The document does not explicitly state the number of experts or their qualifications for establishing ground truth. The comparison testing relies on the "computed values from the Reference Devices" as the standard, implying that the ground truth is derived from the established and cleared functionalities of those devices when experts perform manual segmentation or measurements within them.

4. Adjudication Method for the Test Set

The document does not describe a formal adjudication method for a test set in the traditional sense of multiple human readers independently assessing and then reaching a consensus. Instead, the "ground truth" for the comparison study appears to be the output of the cleared reference devices when manual segmentation/measurements are performed by users (presumably clinicians or operators) within those systems.

5. If a Multi-Reader Multi-Case (MRMC) Comparative Effectiveness Study Was Done, If So, What Was the Effect Size of How Much Human Readers Improve with AI vs without AI Assistance

No, a Multi-Reader Multi-Case (MRMC) comparative effectiveness study was not done. The study described is a standalone performance validation comparing RetinAI Discovery's manual segmentation and measurement capabilities with those of existing cleared devices. There is no mention of human readers improving with or without AI assistance, as the device's main specified function (based on the provided text) is for displaying, analyzing, and manual labeling/annotation, not AI-powered automated analysis or decision support for human readers.

6. If a Standalone (i.e. algorithm only without human-in-the-loop performance) Was Done

Yes, a standalone performance validation was done for the manual segmentation and image measurement functionalities of the RetinAI Discovery. The device itself is described as a "standalone, browser-based software application." The comparison testing verified the performance of the Discovery platform's manual segmentation and measurement tools against the established reference devices, essentially testing the accuracy of the tools themselves "without human-in-the-loop performance" improvement claims. The document focuses on the platform's ability to facilitate manual activities.

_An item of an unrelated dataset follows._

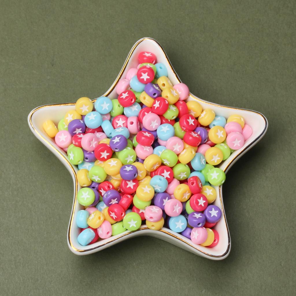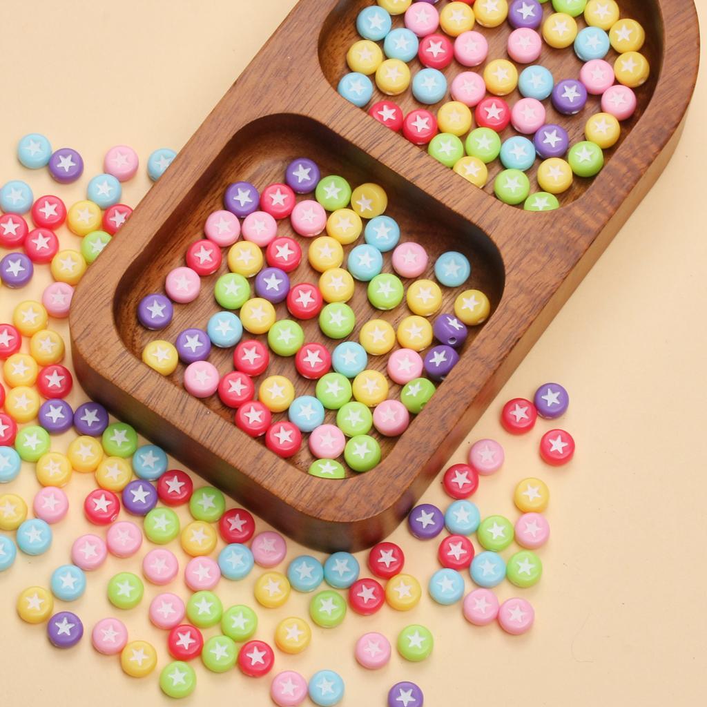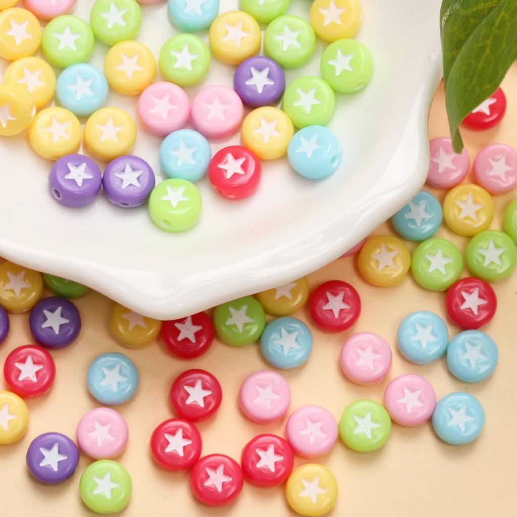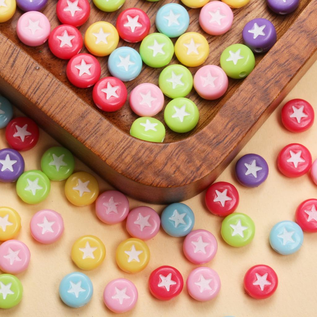 100 шт. 7 мм плоские круглые акриловые звездочки с узором милые модные свободные бусины для ювелирных изделий ручной работы браслет ожерелье ручной работы бисерные аксессуары

7. The Type of Ground Truth Used (expert consensus, pathology, outcomes data, etc.)

The ground truth for the comparison testing was effectively the "computed values from the Reference Devices" (Heidelberg Engineering Spectralis HRA+OCT and Topcon DRI OCT Triton). This implies that the accepted and pre-cleared outputs of these established ophthalmic imaging and analysis devices, whether derived from their automatic or manual segmentation/measurement tools, served as the benchmark for evaluating RetinAI Discovery.

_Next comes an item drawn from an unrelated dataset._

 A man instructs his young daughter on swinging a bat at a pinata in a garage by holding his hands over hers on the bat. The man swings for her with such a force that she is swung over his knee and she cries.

8. The Sample Size for the Training Set

The document does not provide any information about a training set size. This is consistent with the nature of the device as described, which is specified for manual labeling and annotation and general image management/display, not for an AI model that requires a large training dataset.

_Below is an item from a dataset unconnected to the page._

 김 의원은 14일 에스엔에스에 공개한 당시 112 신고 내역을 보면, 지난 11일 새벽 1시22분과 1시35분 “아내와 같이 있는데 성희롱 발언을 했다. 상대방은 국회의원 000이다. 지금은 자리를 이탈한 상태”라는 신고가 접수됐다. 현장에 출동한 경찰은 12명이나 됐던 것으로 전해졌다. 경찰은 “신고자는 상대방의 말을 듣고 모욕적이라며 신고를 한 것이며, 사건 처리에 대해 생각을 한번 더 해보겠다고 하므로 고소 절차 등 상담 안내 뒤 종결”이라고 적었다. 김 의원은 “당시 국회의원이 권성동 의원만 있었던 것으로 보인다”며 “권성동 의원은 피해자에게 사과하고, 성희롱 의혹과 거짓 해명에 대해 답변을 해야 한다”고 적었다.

9. How the Ground Truth for the Training Set Was Established

As no training set is mentioned for an AI model, the method for establishing ground truth for a training set is not applicable here. The described studies focus on the validation of the manual tools and general software functions.

§ 892.2050 Medical image management and processing system.

(a)
Identification. A medical image management and processing system is a device that provides one or more capabilities relating to the review and digital processing of medical images for the purposes of interpretation by a trained practitioner of disease detection, diagnosis, or patient management. The software components may provide advanced or complex image processing functions for image manipulation, enhancement, or quantification that are intended for use in the interpretation and analysis of medical images. Advanced image manipulation functions may include image segmentation, multimodality image registration, or 3D visualization. Complex quantitative functions may include semi-automated measurements or time-series measurements.(b)
Classification. Class II (special controls; voluntary standards—Digital Imaging and Communications in Medicine (DICOM) Std., Joint Photographic Experts Group (JPEG) Std., Society of Motion Picture and Television Engineers (SMPTE) Test Pattern).